Reproduce exactly, and only, the lines of the material below running from the line bearing "2013年10月14—15日" through the line bearing "База отдыха занимает". Leave any pictures out.

* [Exercise materials]:
- - - - -

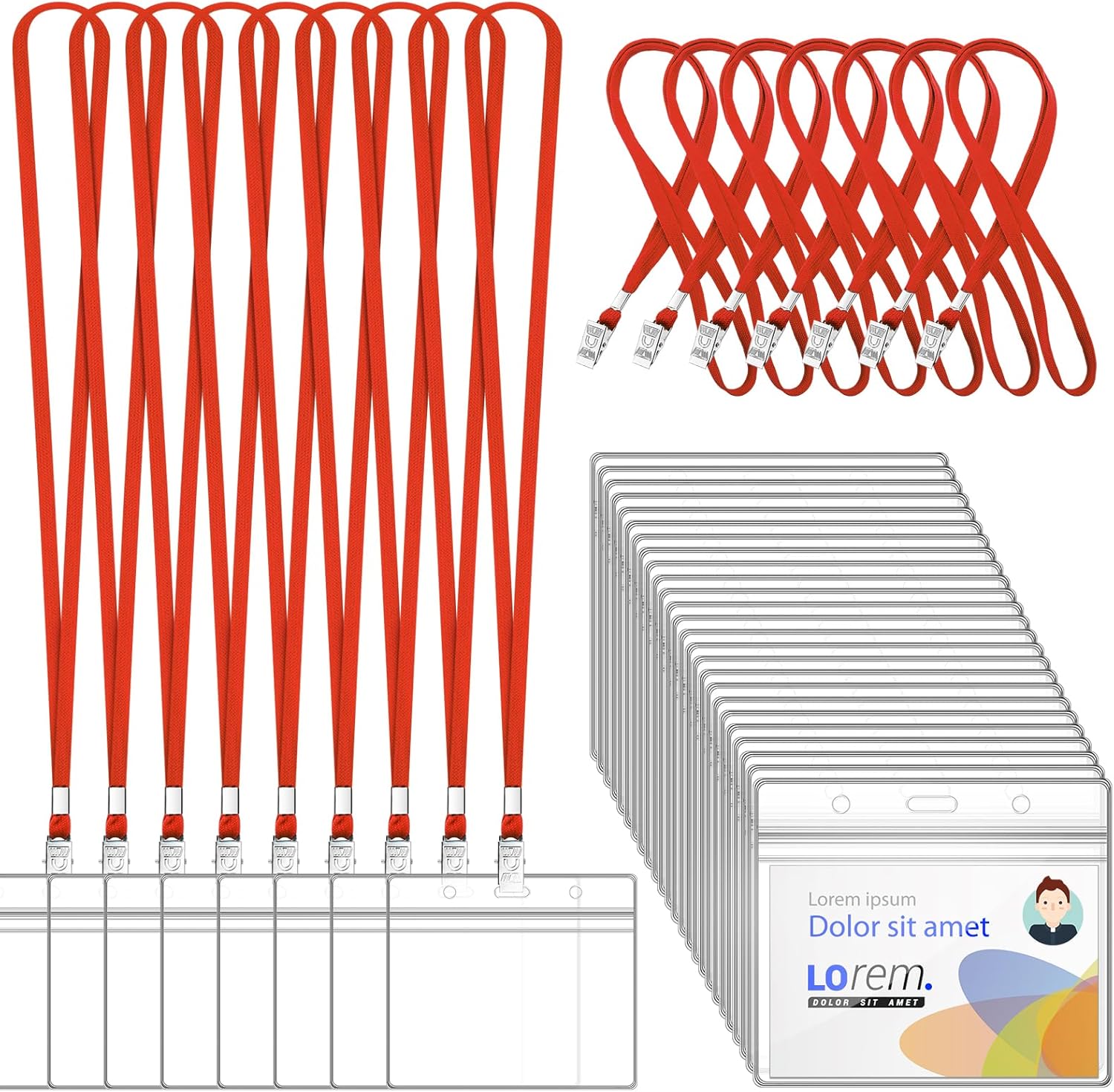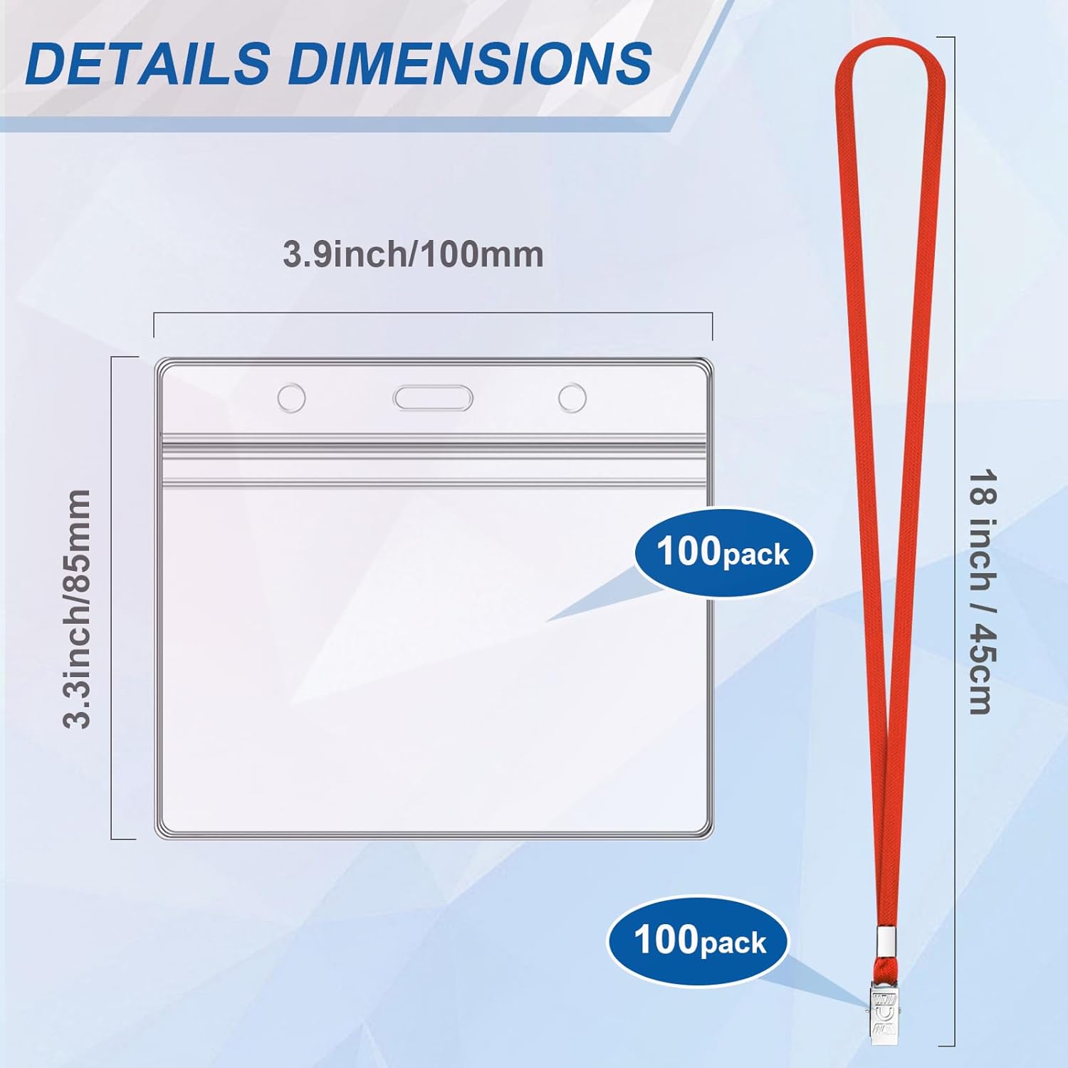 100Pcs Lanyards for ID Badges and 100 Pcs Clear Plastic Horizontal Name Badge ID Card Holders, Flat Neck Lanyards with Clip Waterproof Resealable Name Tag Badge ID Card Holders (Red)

- - - - -

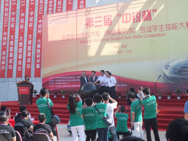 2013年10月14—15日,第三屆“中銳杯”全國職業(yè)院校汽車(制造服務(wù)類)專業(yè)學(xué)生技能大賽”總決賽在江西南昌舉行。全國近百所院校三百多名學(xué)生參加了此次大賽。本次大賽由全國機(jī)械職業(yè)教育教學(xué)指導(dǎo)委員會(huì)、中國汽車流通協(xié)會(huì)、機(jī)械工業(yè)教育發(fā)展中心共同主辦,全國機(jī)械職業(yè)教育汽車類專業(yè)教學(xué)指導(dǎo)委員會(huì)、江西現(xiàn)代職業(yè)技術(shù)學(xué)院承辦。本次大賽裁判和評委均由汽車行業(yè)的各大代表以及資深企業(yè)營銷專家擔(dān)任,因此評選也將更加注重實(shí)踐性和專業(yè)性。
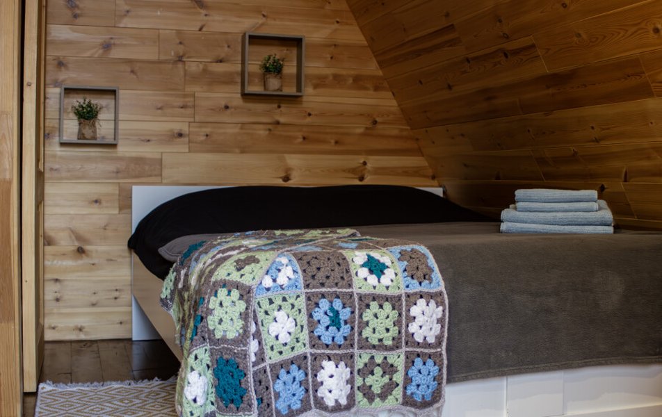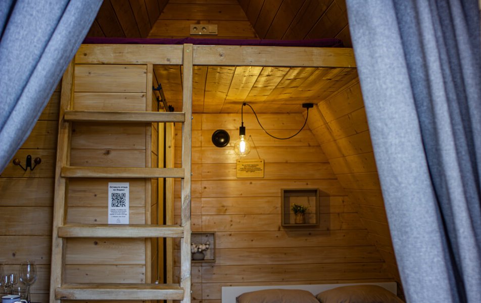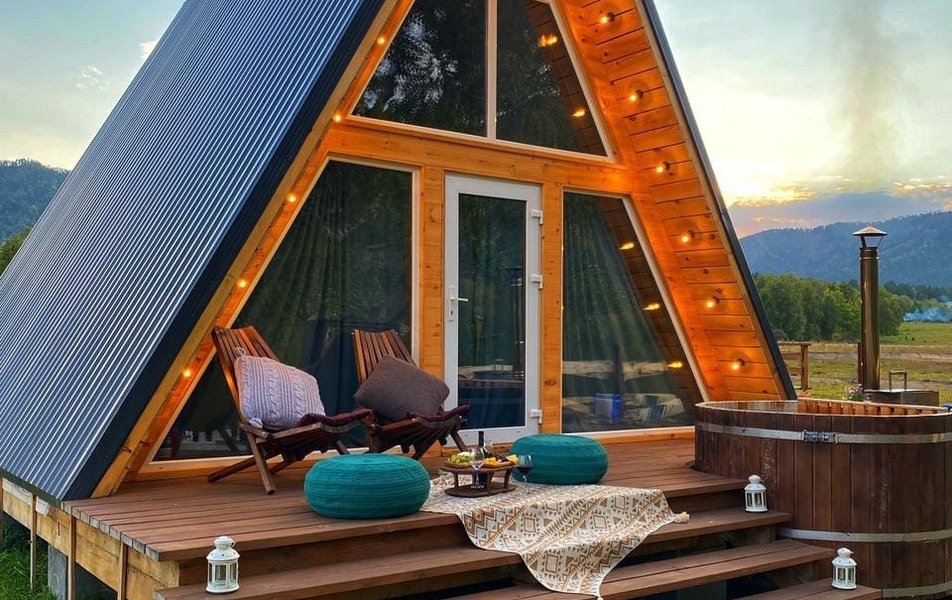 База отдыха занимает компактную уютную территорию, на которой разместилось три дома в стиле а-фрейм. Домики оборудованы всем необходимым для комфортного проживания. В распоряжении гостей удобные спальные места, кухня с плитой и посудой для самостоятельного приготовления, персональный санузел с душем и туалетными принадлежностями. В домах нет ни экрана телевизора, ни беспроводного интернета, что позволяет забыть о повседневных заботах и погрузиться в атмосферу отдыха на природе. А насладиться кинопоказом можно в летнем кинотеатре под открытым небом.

- - - - -

* [Written answer]:
 2013年10月14—15日,第三屆“中銳杯”全國職業(yè)院校汽車(制造服務(wù)類)專業(yè)學(xué)生技能大賽”總決賽在江西南昌舉行。全國近百所院校三百多名學(xué)生參加了此次大賽。本次大賽由全國機(jī)械職業(yè)教育教學(xué)指導(dǎo)委員會(huì)、中國汽車流通協(xié)會(huì)、機(jī)械工業(yè)教育發(fā)展中心共同主辦,全國機(jī)械職業(yè)教育汽車類專業(yè)教學(xué)指導(dǎo)委員會(huì)、江西現(xiàn)代職業(yè)技術(shù)學(xué)院承辦。本次大賽裁判和評委均由汽車行業(yè)的各大代表以及資深企業(yè)營銷專家擔(dān)任,因此評選也將更加注重實(shí)踐性和專業(yè)性。
 База отдыха занимает компактную уютную территорию, на которой разместилось три дома в стиле а-фрейм. Домики оборудованы всем необходимым для комфортного проживания. В распоряжении гостей удобные спальные места, кухня с плитой и посудой для самостоятельного приготовления, персональный санузел с душем и туалетными принадлежностями. В домах нет ни экрана телевизора, ни беспроводного интернета, что позволяет забыть о повседневных заботах и погрузиться в атмосферу отдыха на природе. А насладиться кинопоказом можно в летнем кинотеатре под открытым небом.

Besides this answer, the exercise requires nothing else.